→ **WHAT YOU SHOULD DO**:
Below, find the line containing "6年生が体育館や運動場で運動会の練習をしました。"; from there to the final line, print every line exactly and skip the pictures.
*** Opening of WORKING DATA ***
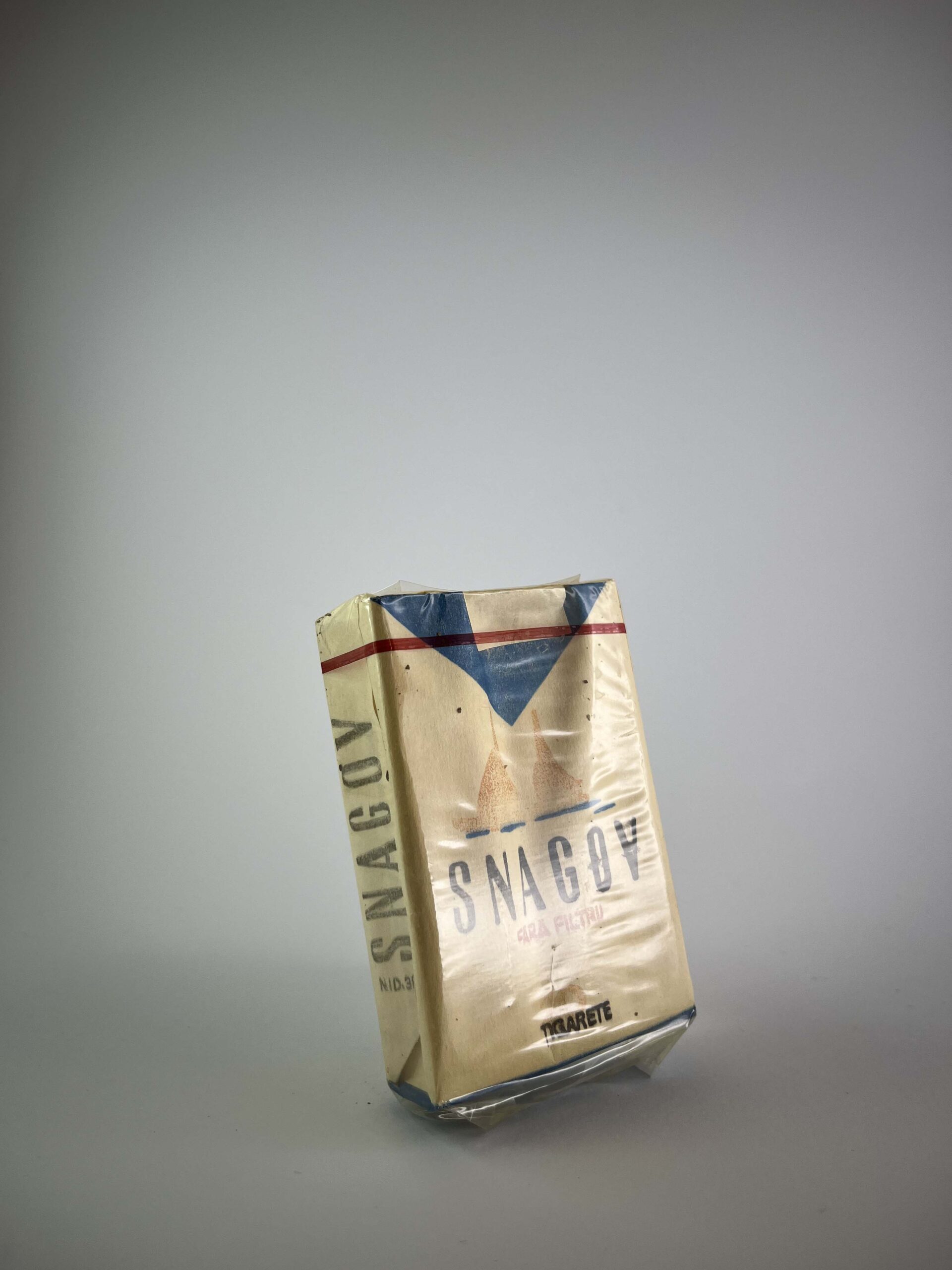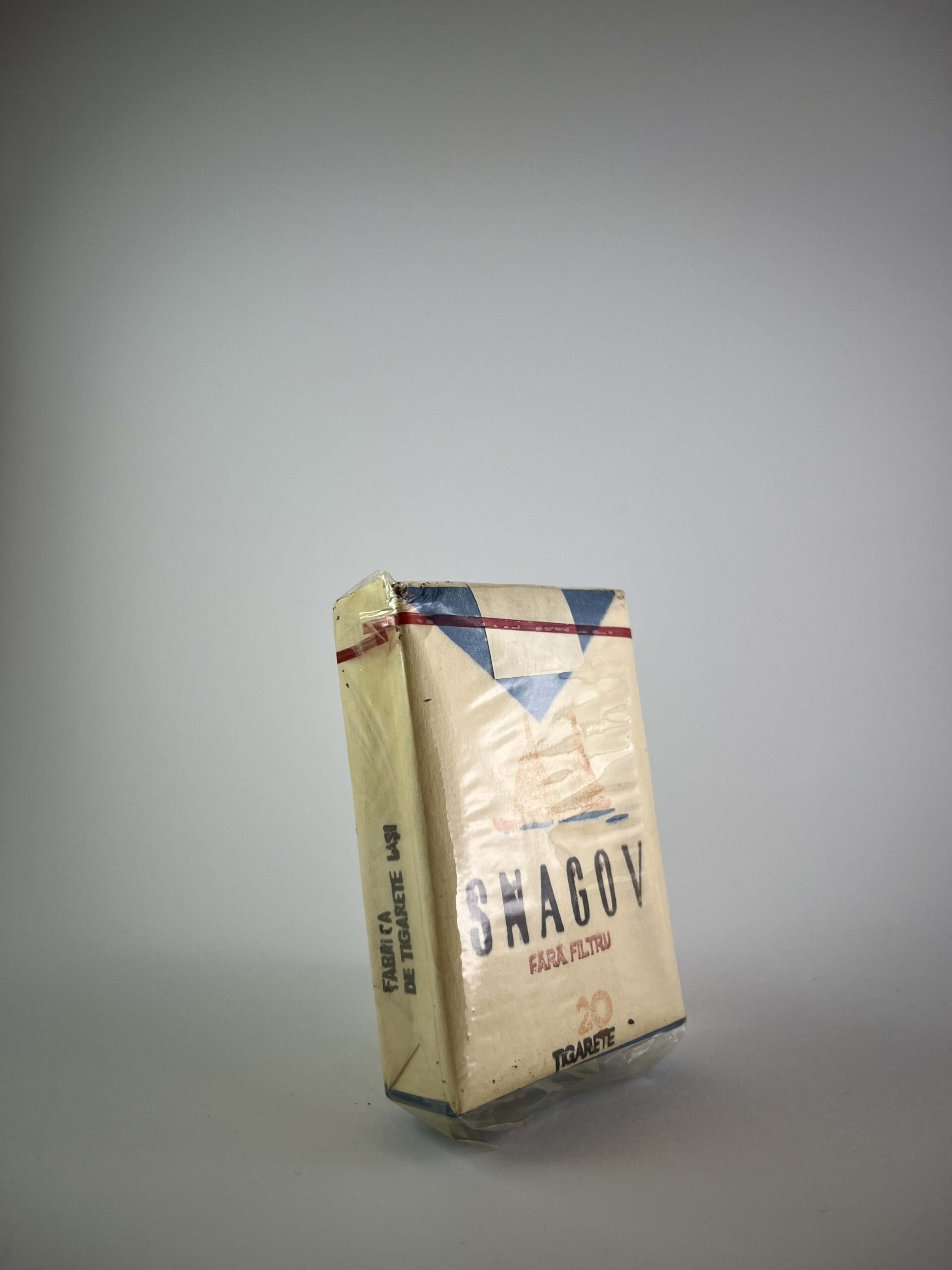 „The Snagov Fără Filtru cigarette pack has a nostalgic, retro design, reflecting the history of Romanian tobacco products. The dominant cream and blue colors with traditional graphic elements convey the aesthetics of classical times. The inscription "Fără Filtru" (without filter) indicates the type of cigarette, while the "Fabrica de Tigarete Iași" logo reinforces the authenticity of this product as a product of the Romanian market. The packaging shows some signs of wear, but is still in its original plastic film.
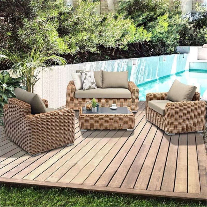 Möbelset, Garten oder Terrasse, Sofa, 2 Sessel, Kaffeetisch, Aluminiumgestell, Polyrattan, Augusta
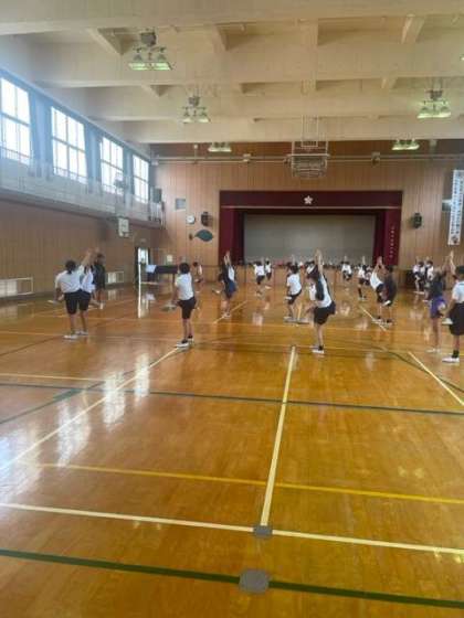 6年生が体育館や運動場で運動会の練習をしました。
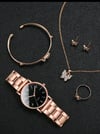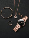 Women's Stainless Steel Band Simple Numerals Dial Quartz Watch + Jewelry Set (6pcs/set)
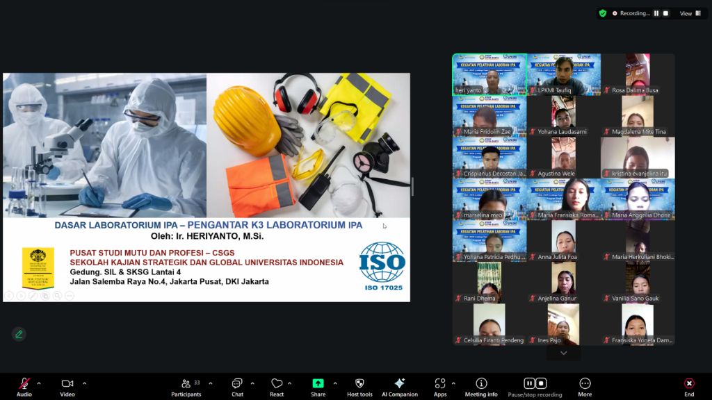 Sementara itu, narasumber menegaskan bahwa pembelajaran standar yang digunakan dalam pelatihan membuka peluang kerja yang lebih luas karena peserta diperkenalkan pada standar nasional serta praktik baik standar internasional, termasuk kerangka ISO yang relevan untuk tata kelola laboratorium pendidikan. Pada materi hari kelima, rujukan praktik baik mencantumkan ISO 9001:2015, ISO/IEC 17025:2017, ISO 45001:2018, ISO 14001:2015, serta GHS sebagai bagian dari fondasi pengendalian mutu, K3, lingkungan, dan pelabelan bahan kimia.
*** Close of WORKING DATA ***
→ **SOLUTION TO THE PROBLEM**:
 6年生が体育館や運動場で運動会の練習をしました。
 Women's Stainless Steel Band Simple Numerals Dial Quartz Watch + Jewelry Set (6pcs/set)
 Sementara itu, narasumber menegaskan bahwa pembelajaran standar yang digunakan dalam pelatihan membuka peluang kerja yang lebih luas karena peserta diperkenalkan pada standar nasional serta praktik baik standar internasional, termasuk kerangka ISO yang relevan untuk tata kelola laboratorium pendidikan. Pada materi hari kelima, rujukan praktik baik mencantumkan ISO 9001:2015, ISO/IEC 17025:2017, ISO 45001:2018, ISO 14001:2015, serta GHS sebagai bagian dari fondasi pengendalian mutu, K3, lingkungan, dan pelabelan bahan kimia.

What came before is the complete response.